From the records below, copy out exactly the lines from the one containing "卡通宇航员文具套装小学生礼物学习用品铅笔五件套幼儿园奖品批发" to the one containing "Topshop - Gilet", both included. Add nothing else.

## DATA SHOWN
-.-.-
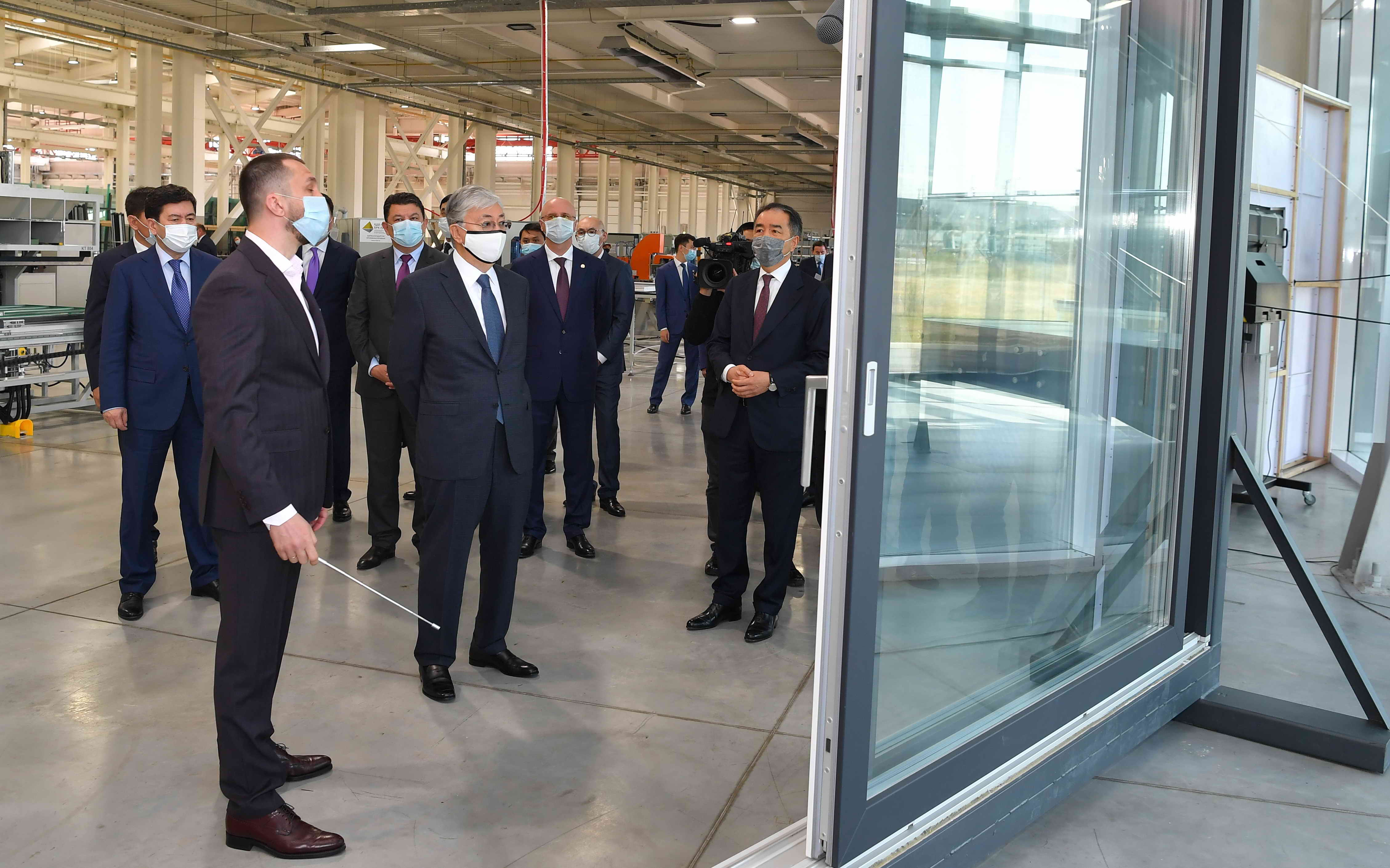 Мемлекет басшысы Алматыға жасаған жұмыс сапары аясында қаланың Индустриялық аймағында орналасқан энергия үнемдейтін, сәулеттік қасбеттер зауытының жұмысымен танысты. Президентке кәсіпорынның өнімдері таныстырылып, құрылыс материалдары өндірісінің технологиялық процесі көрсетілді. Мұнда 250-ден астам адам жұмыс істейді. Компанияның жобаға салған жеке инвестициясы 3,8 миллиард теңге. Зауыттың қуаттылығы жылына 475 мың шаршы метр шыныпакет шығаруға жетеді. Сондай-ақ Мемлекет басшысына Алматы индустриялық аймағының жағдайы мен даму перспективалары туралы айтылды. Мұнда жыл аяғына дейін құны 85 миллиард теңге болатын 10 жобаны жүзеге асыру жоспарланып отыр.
-.-.-
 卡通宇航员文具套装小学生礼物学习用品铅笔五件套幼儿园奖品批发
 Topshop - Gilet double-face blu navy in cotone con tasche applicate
-.-.-
## SOLUTION TO THE EXERCISE
 卡通宇航员文具套装小学生礼物学习用品铅笔五件套幼儿园奖品批发
 Topshop - Gilet double-face blu navy in cotone con tasche applicate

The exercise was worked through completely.